Taking the Stage explores the history of African Americans in theater, film, and television to celebrate their creative achievements, demonstrate their cultural impact, and illuminate their struggles for artistic freedom and equal representation.

Located in the 4th Floor Culture Galleries, Taking the Stage provides visitors with the opportunity to reconnect with some of their favorite popular culture memories as well as to contemplate how the roles black artists played on the stage and screen reflected changing aspirations, struggles, and realities for black people in American society.

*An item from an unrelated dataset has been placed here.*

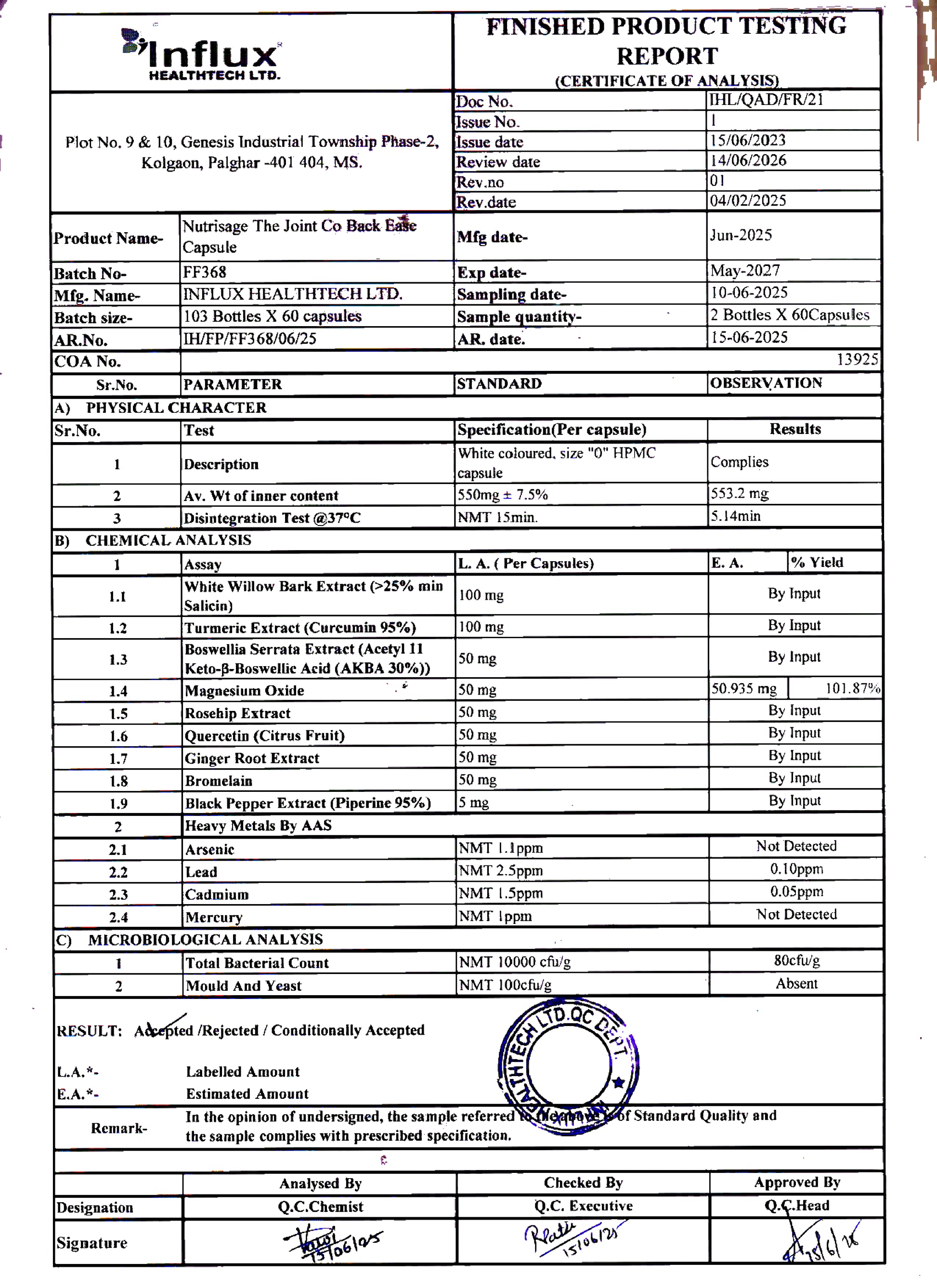 For Chronic conditions ,use this product along with Nutrisage Spine Disc Health Powder for 3 months and report back for review.*

Throughout the exhibition, visitors see how African Americans have acted to shape and transform the ways they are represented onstage by challenging racial discrimination and stereotypes and producing more diverse images of African American identity and experience. Together these stories  suggest how, in taking the stage to express their creative talents, artistic visions, and cultural identities, African Americans have been a force for freedom and social change.

Main Messages:

  • Through their creative achievements and influence, African American artists have expanded and enriched the ways that theater, film, and television reflect the diversity of American society.
  • African American artists developed various strategies to overcome the limits that white society placed on their creative freedom, opportunities, and identities.
  • African American artists have expressed a collective belief in the power of performance to serve as a tool of liberation and transformation—personal, cultural, social, and political.
Costume dresses from for colored girls... on Broadway, 1976-78

Costume dresses from for colored girls... on Broadway, 1976-78
Designed by Judy Dearing
Gift of the Black Fashion Museum founded by Lois K. Alexander-Lane, 2007.3.35-.37

Exhibition Experience

Taking the Stage is organized thematically, according to genre: Theater, Film, and Television. Each section will highlight key events, figures, and themes from various eras and bring legendary performances to life through artifacts, historical images, and media presentations.The exhibition showcases compelling stories of how African American performing artists have enriched American culture while also crafting possibilities for social change. As they moved from the shadows into the spotlight, black actors, dancers, and comedians broke barriers and challenged stereotypes. As they claimed the authority to tell their own stories, black playwrights, choreographers, and filmmakers expressed the depth and diversity of the African American experience. By struggling to change the roles they played on stage and screen, as well as behind the scenes, black artists and entertainers strove to reflect and improve the real lives of black people in American society.

Paul Robeson in Othello

Actor and activist Paul Robeson became the first black actor to play Shakespeare’s Othello on Broadway in 1943, over a century after African American actor Ira Aldridge first played the role on the London stage. Both on and beyond the stage, Robeson used the role of Othello (which he first performed in London in 1930, and again for the third and last time in England in 1959) to advance the political struggle for racial equality.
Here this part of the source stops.